The DWQ approach to source integration is incremental: whenever a new portion of a source is taken into account, the new information is integrated with an “Enterprise Model”, and the necessary new relationships are added. Thus, the Enterprise Model provides a consolidated view of the concepts and the relationships that are important to the enterprise, and have been currently analyzed. Such a view is subject to changes and additions as the analysis of the information sources proceeds. The main concepts used in our approach are shown in the figure:
The Enterprise Model is a conceptual representation of the global concepts and relationships that are of interest to the Data Warehouse application. It provides a consolidated view of the concepts and relationships that are important to the enterprise, and have been currently analyzed. Such a view is subject to changes and additions as the analysis of the information sources proceeds. The Description Logic formalism we use is general and powerful enough to express the usual database models, such as the Entity-Relationship Model, and the Relational Model. Moreover, there are suitable inference techniques associated with the formalism, which allow for carrying out several reasoning services on the representation. The formalism is hidden from the user of the DWQ tools who only uses a graphical interface.
For a given information source S, the Source Model of S is a conceptual representation of the data residing in S. Again, our approach does not require a source to be fully analyzed and conceptualized. Source Models are expressed by means of the same formalism used for the Enterprise Model.
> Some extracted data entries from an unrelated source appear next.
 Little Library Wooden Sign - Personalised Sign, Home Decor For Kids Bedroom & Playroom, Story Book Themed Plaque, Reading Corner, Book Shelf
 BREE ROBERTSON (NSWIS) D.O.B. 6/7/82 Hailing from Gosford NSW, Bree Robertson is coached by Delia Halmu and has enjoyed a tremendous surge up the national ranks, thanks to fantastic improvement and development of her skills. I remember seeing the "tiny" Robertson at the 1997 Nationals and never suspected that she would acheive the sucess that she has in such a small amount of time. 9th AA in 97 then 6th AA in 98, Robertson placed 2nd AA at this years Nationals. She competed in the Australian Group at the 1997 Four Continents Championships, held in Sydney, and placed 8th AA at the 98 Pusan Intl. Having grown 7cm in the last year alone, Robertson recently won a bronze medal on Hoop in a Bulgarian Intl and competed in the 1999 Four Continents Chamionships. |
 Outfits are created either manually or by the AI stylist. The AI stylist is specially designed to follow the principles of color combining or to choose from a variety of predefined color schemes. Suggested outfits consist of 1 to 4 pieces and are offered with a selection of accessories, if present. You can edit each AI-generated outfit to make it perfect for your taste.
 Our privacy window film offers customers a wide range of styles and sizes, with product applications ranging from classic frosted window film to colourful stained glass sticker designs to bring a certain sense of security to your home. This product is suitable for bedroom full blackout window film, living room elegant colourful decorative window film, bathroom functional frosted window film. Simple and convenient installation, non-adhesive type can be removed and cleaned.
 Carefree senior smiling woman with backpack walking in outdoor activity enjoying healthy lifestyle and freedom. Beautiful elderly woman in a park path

The notion of interdependency is a central one in our approach. Since the sources are of interest in the overall architecture, integration does not simply mean producing the Enterprise Model, but rather to be able to establish the correct relationships both between the Source Models and the Enterprise Model, and between the various Source Models. We formalize the notion of interdependency by means of intermodel assertions, introduced in [CL93]. An intermodel assertion states that one object (i.e., class, entity, or relation) belonging to a certain Model (either the Enterprise or a Source Model) is always a subset of an object belonging to another Model. This simple declarative mechanisms has been showed to be extremely effective in establishing relationships among different database schemas (see also [Hul97]). We use again a logic-based formalism to express intermodel assertions, and the associated inference techniques provide a means to reason about interdependencies among models.
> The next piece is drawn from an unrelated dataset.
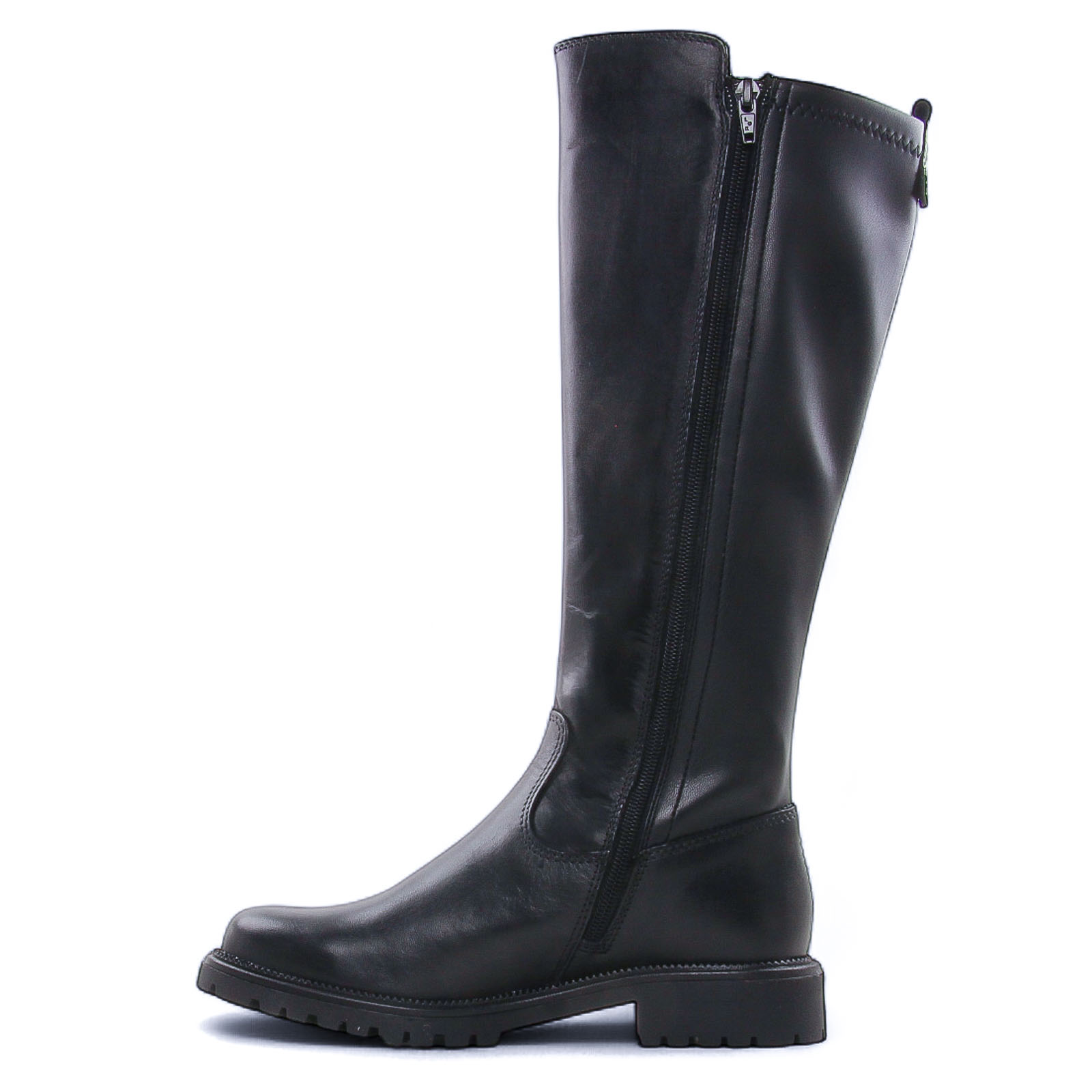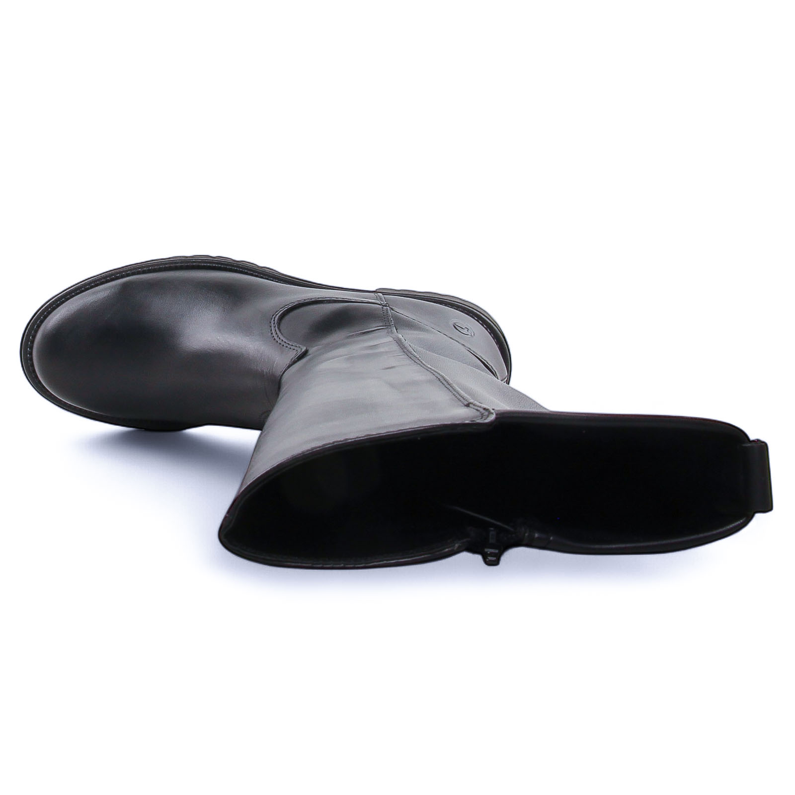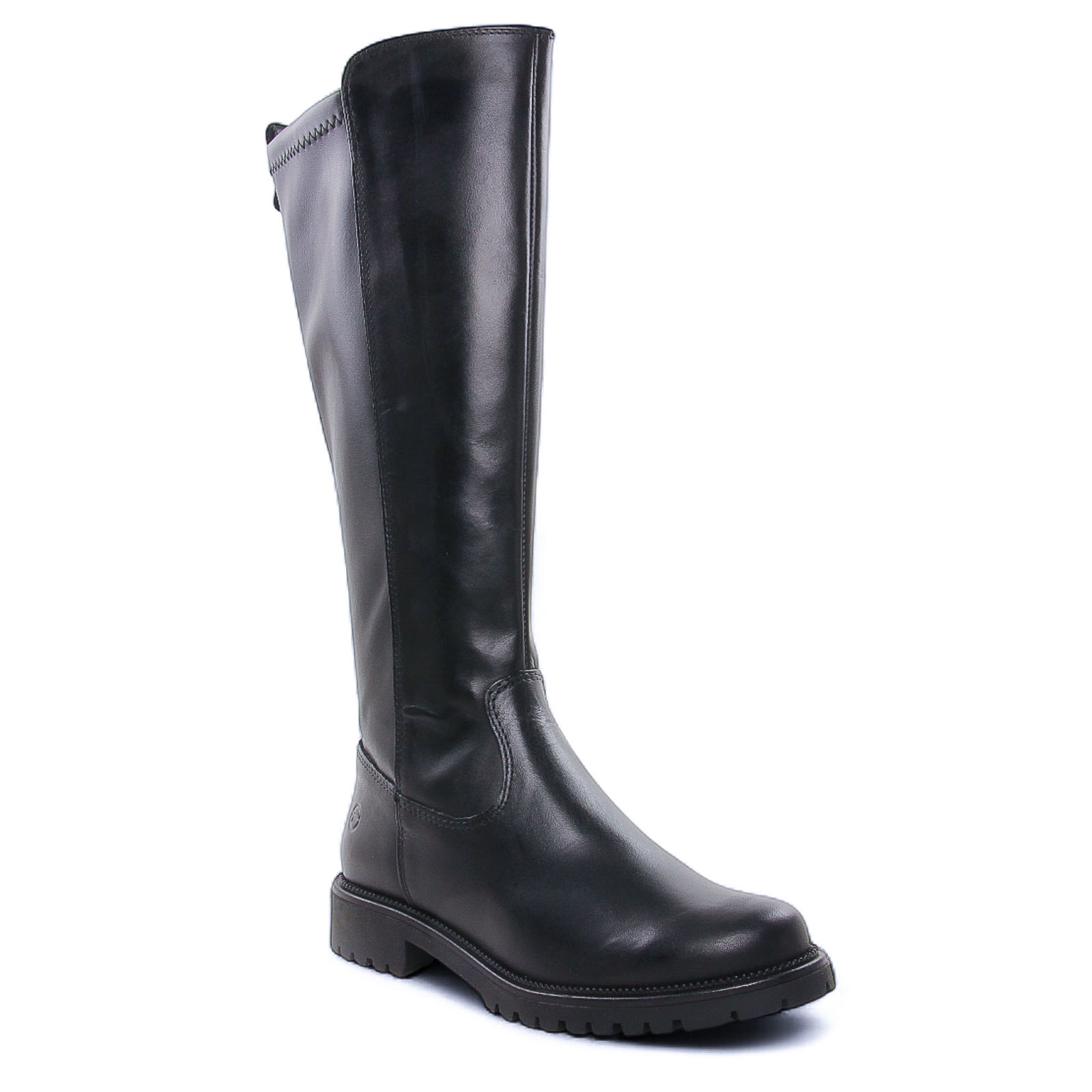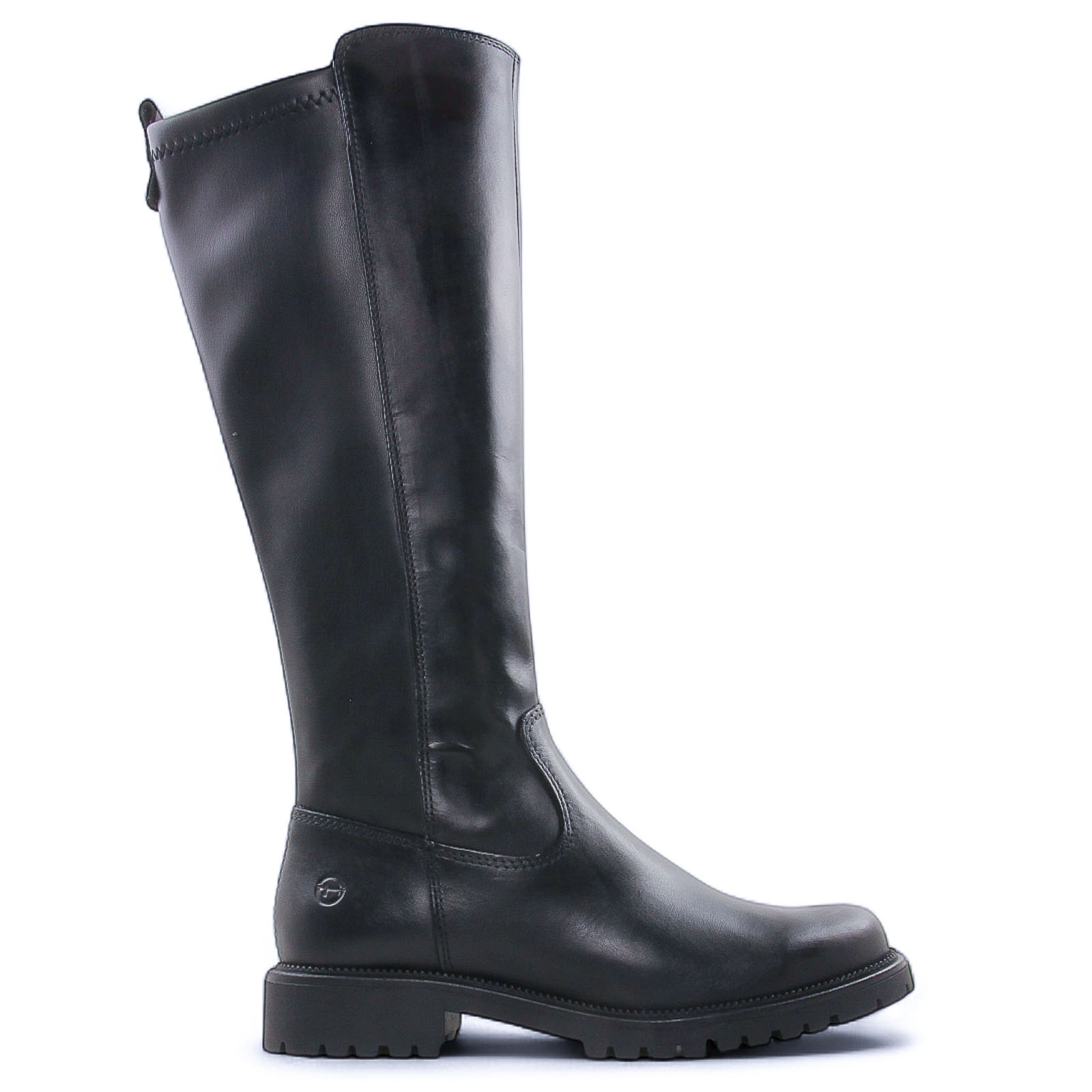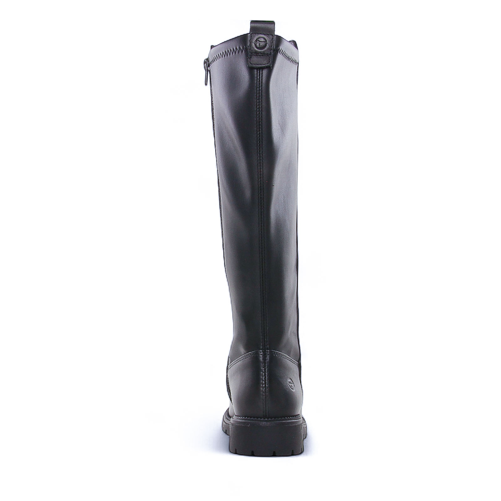 Bottes de la marque Tamaris de couleur noir. Bottes casual Tamaris nouvelle collection hiver 2025, tige haute de 36 cm environ au dessus du coup de pied, botte avec une tige bi-matiere cuir et stretch à l'arrière du mollet, une première de propreté Touch it confortable et semelle robuste en gomme souple, un petit talon bloc de 3 cm de hauteur.

The logical content of each source S, called the Source Schema, is provided in terms of a set of definitions of relations, each one expressed in terms of a query over the Source Model of S. The logical content of a source represents the structure of data expressed in terms of a logical data model, in the demo the Relational Model. In our framework, such a structure is provided by specifying the connection with the conceptual representation of the source. In other words, the logical content of a source S, or of a portion thereof, is described in terms of a view over the Source Model associated with S (and, therefore, of the Conceptual Data Warehouse Model). Wrappers map physical structures to logical structures.
The logical content of the materialized views constituting the Data Warehouse, called the Data Warehouse Schema, is provided in terms of a set of definitions of relations, each one expressed in terms of a query over the Conceptual Data Warehouse Model. Similar to the sources, each portion of the Data Warehouse Schema is described in terms of a view over the Conceptual Data Warehouse Model. How a view is actually materialized starting from the data in the sources is specified by means of suitable mechanisms, called mediators.
The
demo has shown the following tasks within steps 1 and 2 of the methodology (figure)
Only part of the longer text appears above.